|
| quote: | Originally posted by Capitalizt
I work for one of those big banks and it has affected me. I was forced to cut back from 40 to 30 hours per week and got a lousy 2.1% pay raise this year which is less than the rate of inflation. This makes it very difficult to pay bills, but I'm not about to ask you to do it for me. It's not your fault or responsibility.
|
Ha, that beats my salary freeze.
| quote: |
Yes of course oc..I know we don't live in bubbles and markets are not 100% perfect. Innocent people will be hurt in a downturn and that is very unfortunate..but this does not mean the market is going to fail. Like I said earlier, it all boils down to prices. After a bit of pain, an equilibrium will eventually be reached. I'm just saying despite the sometimes messy and sloppy way that people deal with negative externalities, it is better to let them get on with it and muddle through themselves than impose a grand "solution" using government..which sends false signals and distorts everything on a much larger scale.

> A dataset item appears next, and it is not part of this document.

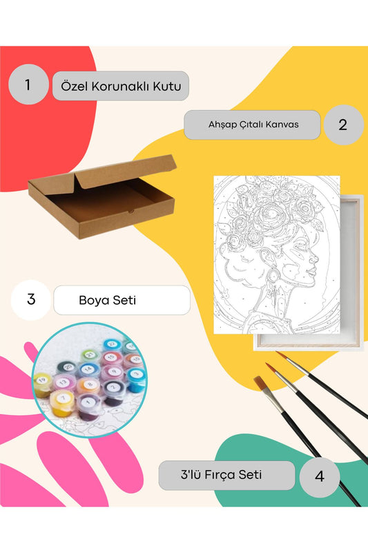 Sayılarla Boyama Seti 40x50 Cm (Çıtalı) Fırça Boya Dahil Numaralı Tuval-At Portre

The sheer size of these bailouts and stimulus plans is what gets me.. I wouldn't be so worried if we were talking about a one time $200-300 billion injection in infrastructure or something that is not profitable for private industry...but when you include what was done last year, over $3 trillion new dollars have been printed for these bailouts. This is major overkill..more than 500% what we've wasted in Iraq over the past 6 years..and by all accounts this spending has done nothing but prop up failed enterprises and postpone the correction. The economy has cancer, and an ugly recession is the only cure in my view. All of these spending programs are nothing more than expensive aspirin pills. I say bring on the chemotherapy. |
Ok now you've clarified your position somewhat let's get into the nitty gritty. I'm going to divide your argument into two different areas since that will be easier to discuss, the bailout package and the fiscal stimulus package.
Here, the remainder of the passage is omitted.